Regaining the votes of Asian-Americans, like making inroads with Latino voters, will be a slog for the Republican Party. It is not just about a difference in ethnicity. Rather, it is also a difference in attitude. Asian-Americans are generally more economically liberal than the GOP’s older working- and middle-class evangelical base and are less responsive to a message of unvarnished rugged individualism, despite their relative wealth and attainment. And that is a gap not easily bridged. Indeed, a party whose leadership professes a desire to drown government in a bathtub has little appeal these days to most Americans.
All kidding aside, in addition to the GOP being hostile to the sciences the Asian community has embraced as a stepping stone to prosperity, I think (heck I know as child of immigrants this is pretty much my scenario) Asian American who attained a middle class or upper lifestyle did so in such a recent fashion - within living memory - that they remember when they needed welfare and school lunches and medical clinics for when they had no insurance so that their new found prosperity is seen as being in part from the help they got from the govt (like in free education).

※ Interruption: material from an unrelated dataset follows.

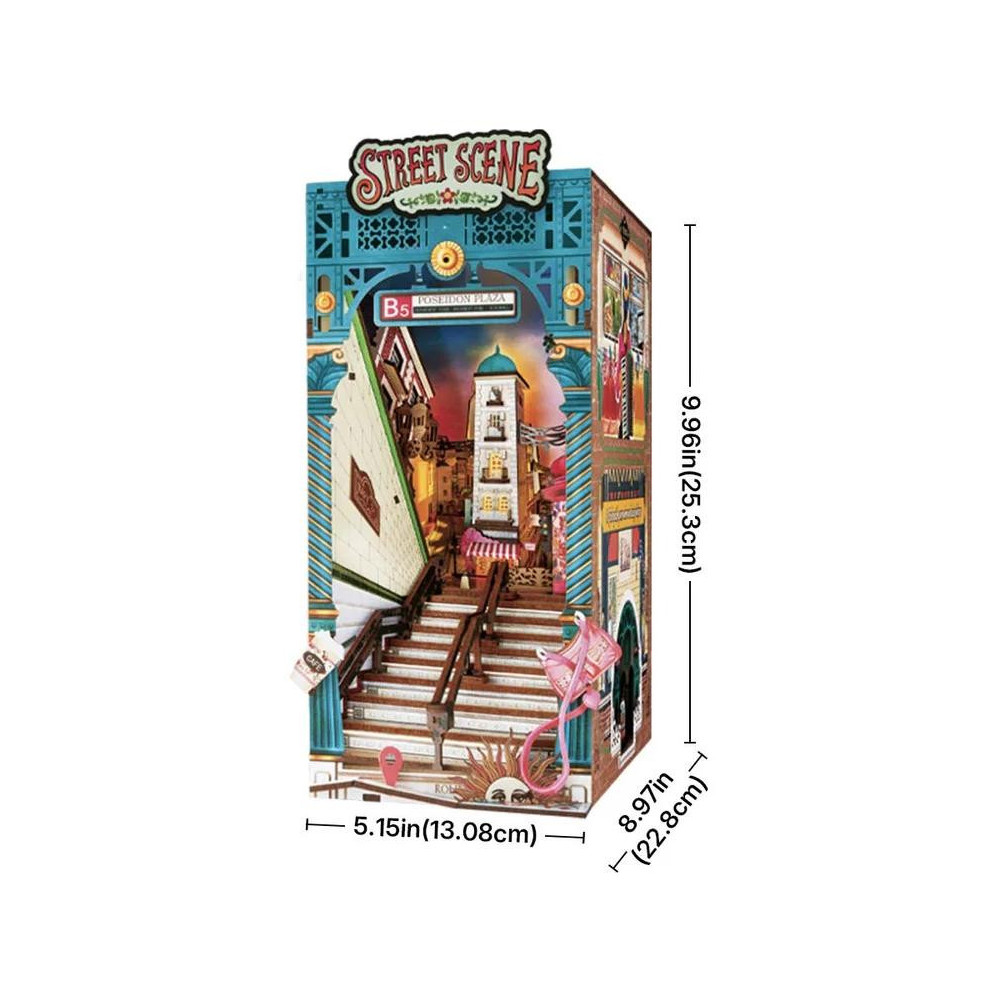 Proměňte svou polici v rušnou městskou ulici. Scéna vyzařuje městskou atmosféru, úzké schody ihned upoutají pozornost a nahoře se otevírá výhled na osvětlené domy, pouliční lampy, dlažbu a jemné detaily chodníků. Spodní část schodiště doplňují drobnosti každodenního života, včetně papírováho kelímku od kávy, růžové crossbody kabelky, které naznačují každodenní rutinu dojíždějících. Pro milovníky cestování a atmosféry města je zde stylizovaný sluneční ciferník a ikona s mapou - připomínka dobrodružství v nové lokalitě. Nepřehlédnutelným překvapením je malé „nádraží“ skryté pod schody a umístěné po straně knihkupectví - objev, který potěší pokaždé, když vložku vytáhnete. Celkový dojem završuje LED osvětlení, které dokáže proměnit scénu ve zlatavý západ slunce nebo pulsující noční město.3D skládačka je skvělý způsob, jak si užít kreativní a edukativní hraní a zároveň vytvořit nádherný model, který se může stát netradičním dárkem či ozdobou interiéru. Skládání 3D skládačky podporuje rozvoj jemné motoriky, prostorového myšlení a trpělivosti. Je to možnost, jak kombinovat zábavu se vzděláváním. Všechny přesně vyřezané dílky do sebe lehce zapadnou bez použití lepidla či nástrojů, aby výsledek byl stabilní a odolný. Skládačka je dodávána v nesloženém stavu, zabalená v krabici s podrobným návodem k sestavení. K napájení slouží 2x AAA /LR03/AM4 1,5 V (nejsou součástí balení). Hlavní vlastnosti: 196 dílkůdoba skládání 4 hodinyvysoká obtížnost sestaveníLED osvětlenísestavení bez použití lepidla a nástrojůvýjimečný vzhledvhodné pro děti i dospělérozvíjí logické a motorické dovednostipodporuje trpělivost dětíideální dárek nebo jedinečná dekorace napájení pomocí 2 baterií AAA /LR03/AM4 1,5 V (není součástí balení)

And if they come from places like Taiwan and South Korea, they are coming from nations that have “socialized health insurance” (as the GOP types would call it - Taiwan copied the Canadian model).

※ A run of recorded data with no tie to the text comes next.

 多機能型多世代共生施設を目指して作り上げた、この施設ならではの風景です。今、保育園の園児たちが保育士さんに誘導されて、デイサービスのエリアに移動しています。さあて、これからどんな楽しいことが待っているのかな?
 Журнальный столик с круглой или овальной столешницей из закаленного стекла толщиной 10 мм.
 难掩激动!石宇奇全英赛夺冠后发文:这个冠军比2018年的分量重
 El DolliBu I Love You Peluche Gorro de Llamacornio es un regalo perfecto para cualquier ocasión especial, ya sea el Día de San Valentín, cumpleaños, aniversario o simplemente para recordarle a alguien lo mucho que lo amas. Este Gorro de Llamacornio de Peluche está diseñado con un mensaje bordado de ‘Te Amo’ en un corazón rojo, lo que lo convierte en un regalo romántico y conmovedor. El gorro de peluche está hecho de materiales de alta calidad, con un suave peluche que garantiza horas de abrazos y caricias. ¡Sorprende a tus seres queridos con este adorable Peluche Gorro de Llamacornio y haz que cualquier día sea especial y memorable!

Meanwhile the GOP base is composed of people whose prosperity was made a few generations ago and who forgot that if not for the GI Bill and other govt programs they would never have attained middle class status. Also, the GOP base allowed their racism to blind them to the GOP doing a bait and switch where the GOP destroyed their middle class economic foundation while using dog whistle racism and religion to keep the middle class white base voting Republican while the GOP passed laws that went against their white middle class base’s economic interests (more or less the “What’s the matter with Kansas” thesis).